:: Data for processing
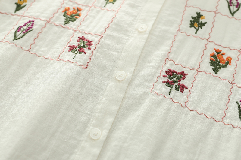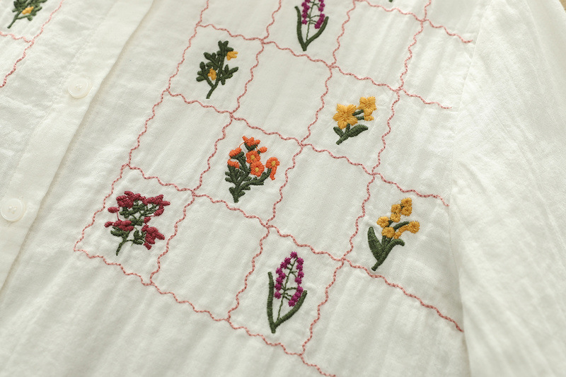 일본 스타일 신선한 스타일 격자 무늬 자수 꽃 여성 카디건 더블 원사 긴 소매 셔츠 도매 패션스토어 가기
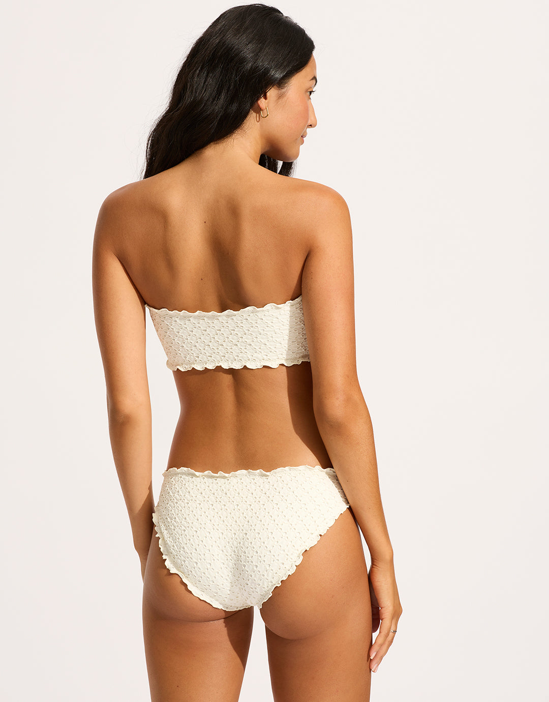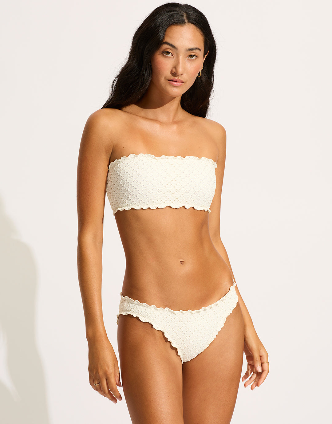 The Daydreamer Tube bikini top from Seafolly in this lovely Vanilla cream broderie knit fabric is a strapless bandeau tube style with an optional removable strap, removable cups and delicate lettuce edging.
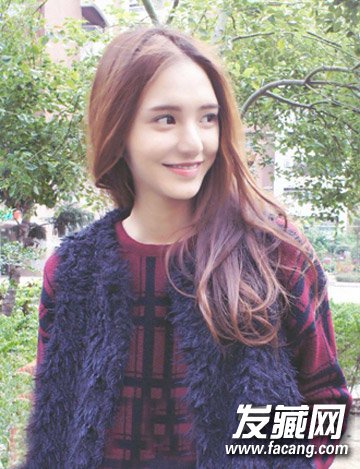 亮棕色的微卷发型,一种时尚优雅气息展露出来,吸睛的发色也凸显白皙的肤色,长发飘飘清新可人。
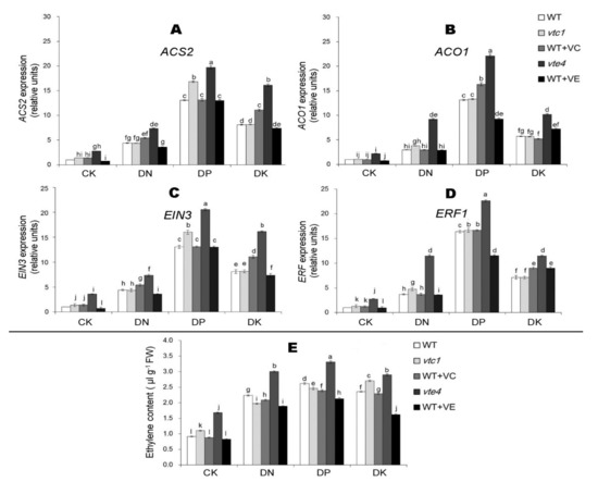 An ethylene-signaling mutant ein3 delayed the water stress-related increase in vitamin E and resulted in a 30% reduction in the levels of antioxidants, compared with the wild-type [55]. While an over-produced ethylene mutant, eto1-1, showed a 5-fold increase in vitamin E contents during leaf aging [55]. Thus, the perception and signal transduction of ETH may be involved in the regulation of vitamin E biosynthesis. On the contrary, here we showed that exogenous vitamin E repressed ethylene synthetic gene and ethylene-signaling gene expression, which might be attributed into its strong antioxidant capacity (see Discussion below).
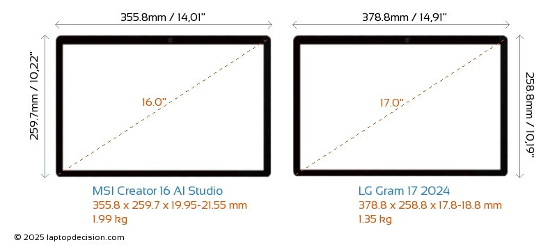 USBBoth Creator 16 AI Studio and Gram 17 2024 have USB-A ports. Creator 16 AI Studio has 1x USB 3.2 USB-A ports, while Gram 17 2024 has 2x USB 3.2 USB-A ports.Both Creator 16 AI Studio and Gram 17 2024 feature 2x USB 4.0 USB Type-C ports.
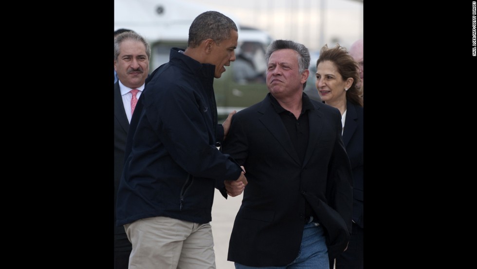 واشنطن/ أجرى الرئيس الامريكي باراك اوباما لقاء قصيرا جدا لم يستغرق اكثر من خمس دقائق مع العاهل الاردني الملك عبدالله الثاني في قاعدة اندروز الجوية القريبة من العاصمة الامريكية واشنطن.
::::
__Activity__. Retype the data above exactly; pictures are not part of the copy.

__Result of the task__.
 일본 스타일 신선한 스타일 격자 무늬 자수 꽃 여성 카디건 더블 원사 긴 소매 셔츠 도매 패션스토어 가기
 The Daydreamer Tube bikini top from Seafolly in this lovely Vanilla cream broderie knit fabric is a strapless bandeau tube style with an optional removable strap, removable cups and delicate lettuce edging.
 亮棕色的微卷发型,一种时尚优雅气息展露出来,吸睛的发色也凸显白皙的肤色,长发飘飘清新可人。
 An ethylene-signaling mutant ein3 delayed the water stress-related increase in vitamin E and resulted in a 30% reduction in the levels of antioxidants, compared with the wild-type [55]. While an over-produced ethylene mutant, eto1-1, showed a 5-fold increase in vitamin E contents during leaf aging [55]. Thus, the perception and signal transduction of ETH may be involved in the regulation of vitamin E biosynthesis. On the contrary, here we showed that exogenous vitamin E repressed ethylene synthetic gene and ethylene-signaling gene expression, which might be attributed into its strong antioxidant capacity (see Discussion below).
 USBBoth Creator 16 AI Studio and Gram 17 2024 have USB-A ports. Creator 16 AI Studio has 1x USB 3.2 USB-A ports, while Gram 17 2024 has 2x USB 3.2 USB-A ports.Both Creator 16 AI Studio and Gram 17 2024 feature 2x USB 4.0 USB Type-C ports.
 واشنطن/ أجرى الرئيس الامريكي باراك اوباما لقاء قصيرا جدا لم يستغرق اكثر من خمس دقائق مع العاهل الاردني الملك عبدالله الثاني في قاعدة اندروز الجوية القريبة من العاصمة الامريكية واشنطن.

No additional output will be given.